Friday, August 05, 2005

ritual damage

i heard some noises in the distance as i was leaving tower records tonight. stopped midway to my car in the parking lot. was that explosions? a moment later, it came to me: nightly fireworks at 9:45 pm, for the tourists at sea world. this sort of thing ... well, it's sort of fucked, cause sea world is just across the bay from the marine corps training depot, right? there's a war on, right? does anybody even think about this sort of thing? it reminded me of something an old man had said to me, earlier in the year, when i'd asked him if he enjoyed the 4th of july fireworks. "not really," he'd said, "these days they'll set 'em off over any old thing. when i was young it was ... special"

so as i was getting on the freeway i said to myself, fuck it, i'll do it tonight. i'll write about the urban tribe album. i'm in a state, won't be getting to sleep til 2 or 3 anyway. i'll blow off some steam, get sort of stupid. i was thinking of carl craig and juan atkins, taking solitary detroit freeway night drives soundtracked by e2e4 and radio activity. were those drives comforting? was the car like a glass and steel womb? the purr of the motor and the pulse of bass, was it maternal? were they insulated, but still connected, electricifying mojo tuning them into the city-wide network of nocturnal travelers?
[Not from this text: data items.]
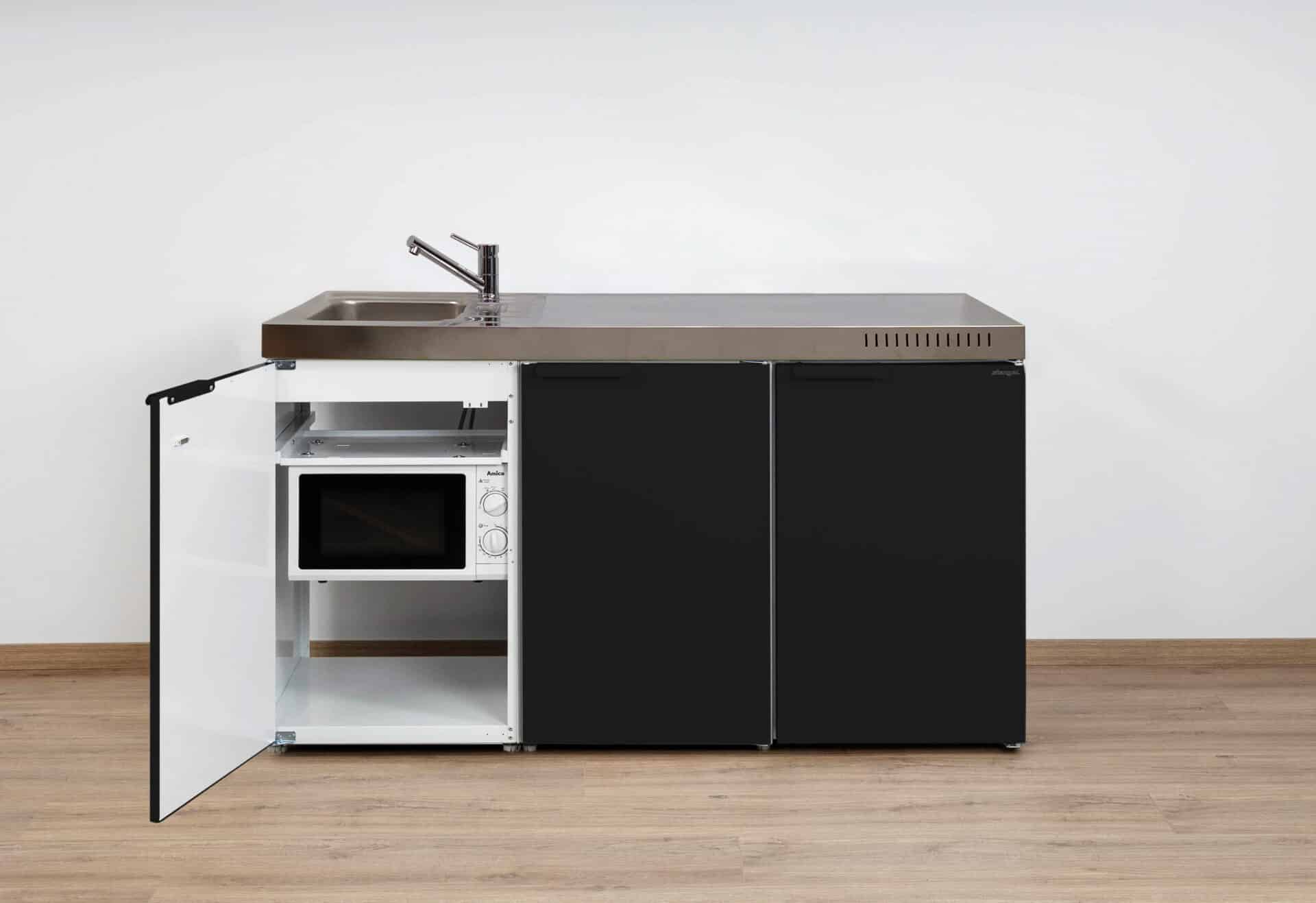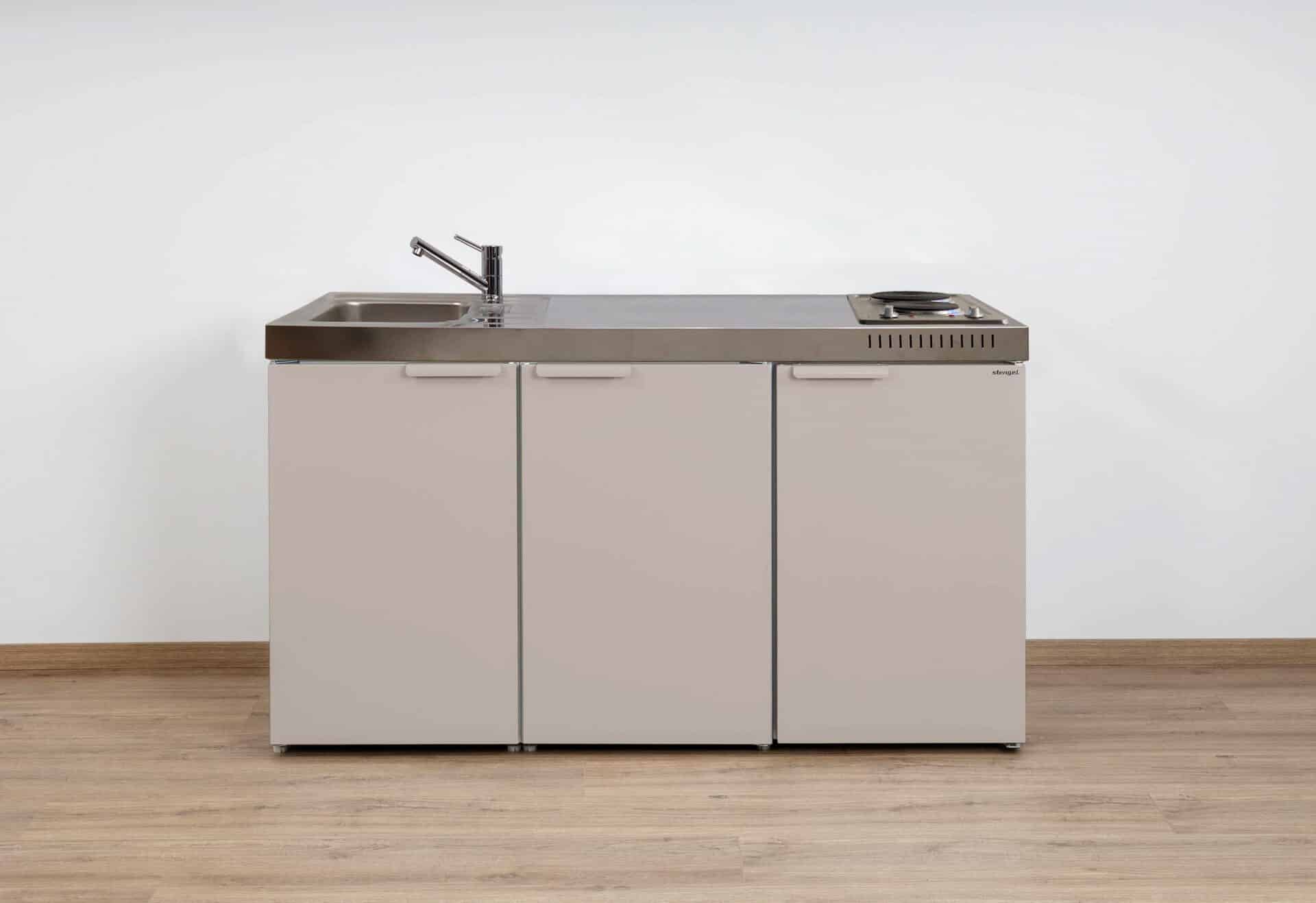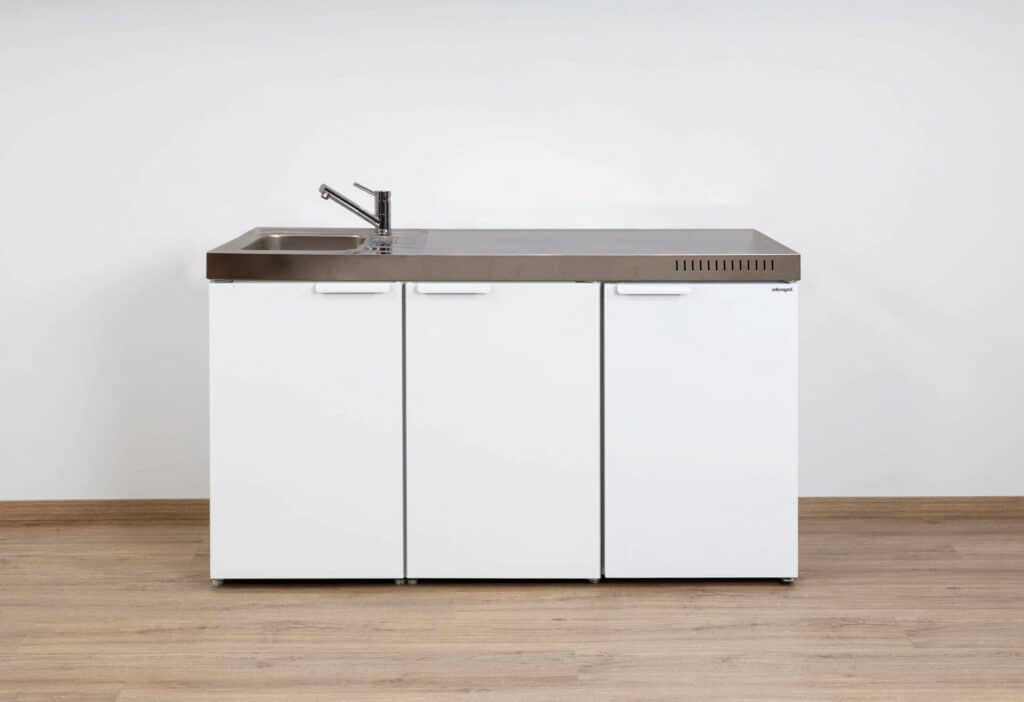 Onze metalen minikeukens bestaan volledig uit metaal en worden kant en klaar (gemonteerd en stekkerklaar) geleverd op een pallet. De K-lijn keukens zijn standaard voorzien van een rvs gepolijst werkblad met een geïntegreerde spoelbak inclusief afdruipgedeelte. Zelfs de fronten zijn uitgevoerd in gepoedercoat metaal met handgrepen in kleur van het front.
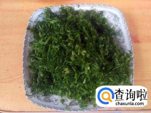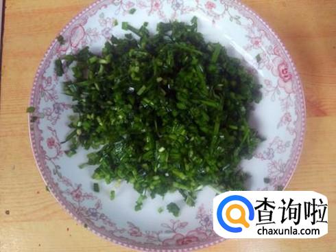 葱切成葱花,韭菜切碎,荤香也切碎。
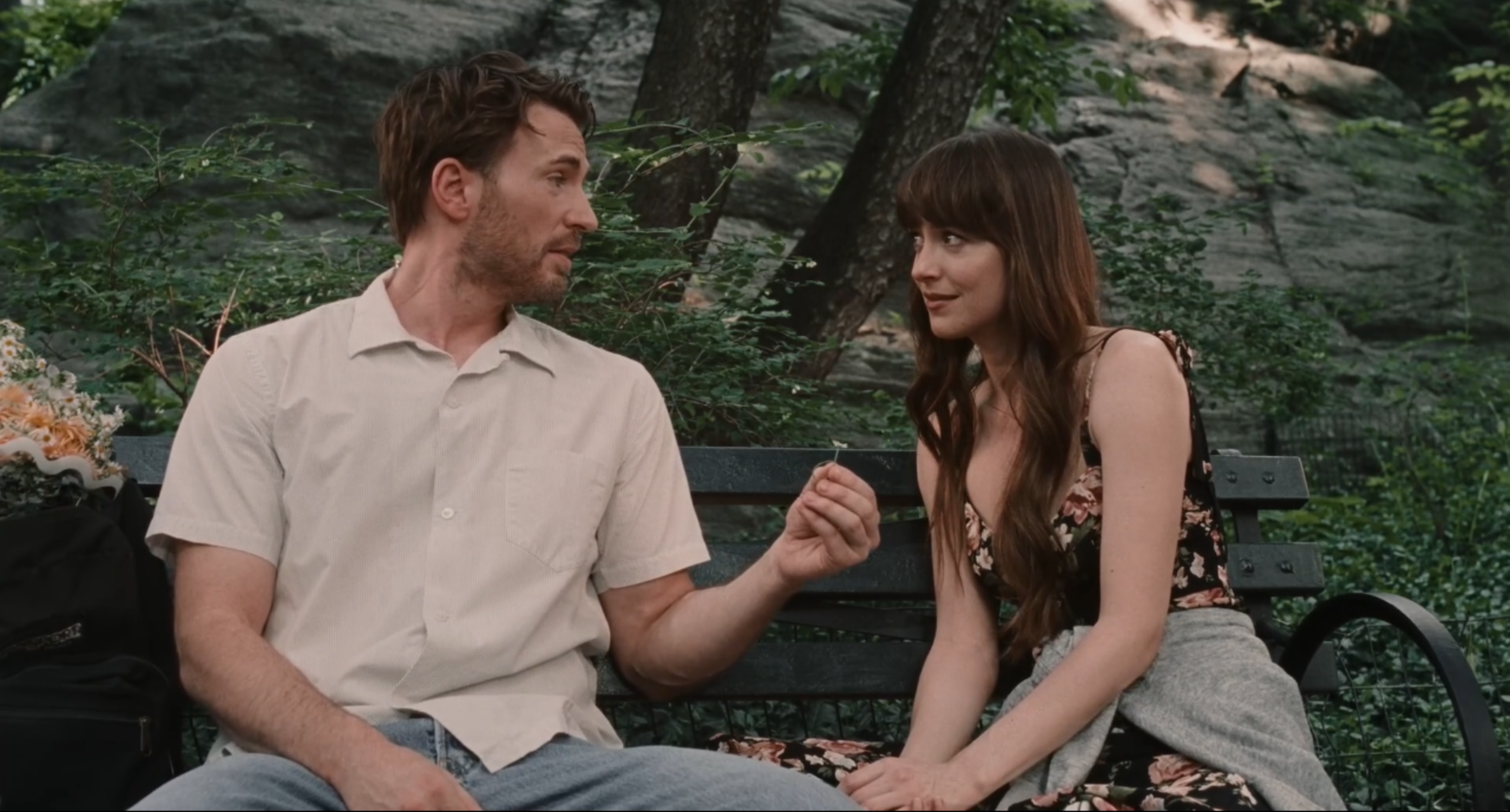 演员阵容很豪华,凭《五十度灰》走红全球的达科塔·约翰逊,“美国队长”克里斯·埃文斯,美剧《最后生还者》主演佩德罗·帕斯卡,三人一起出演了上述这样一个三角恋故事。

this was not comforting. we have these huge freeway on-ramps where i live, big circular rollercoaster ramps that spin you around 270 degrees at a steep grade, like you're tilted on some fairground machine and the world is spinning around you at 80 mph. these expensive european cars i'll never be able to afford, they surround you on the freeway with these new school headlights that throw pixilated glare like digital projectors on the cars next to you. they have LED brake lights - if you have trouble with trails at night you'll see ghostly clusters of dots, strobing across your vision. i'd just had my car washed after letting it build a three-month coat of dirt (we had record rainfall up until may) and that just added to the whole videogame hyperreality of the thing. this was not comforting at all. i didn't want to be driving, traveling - i wanted to be home.

where does techno go, when it needs to turn inward?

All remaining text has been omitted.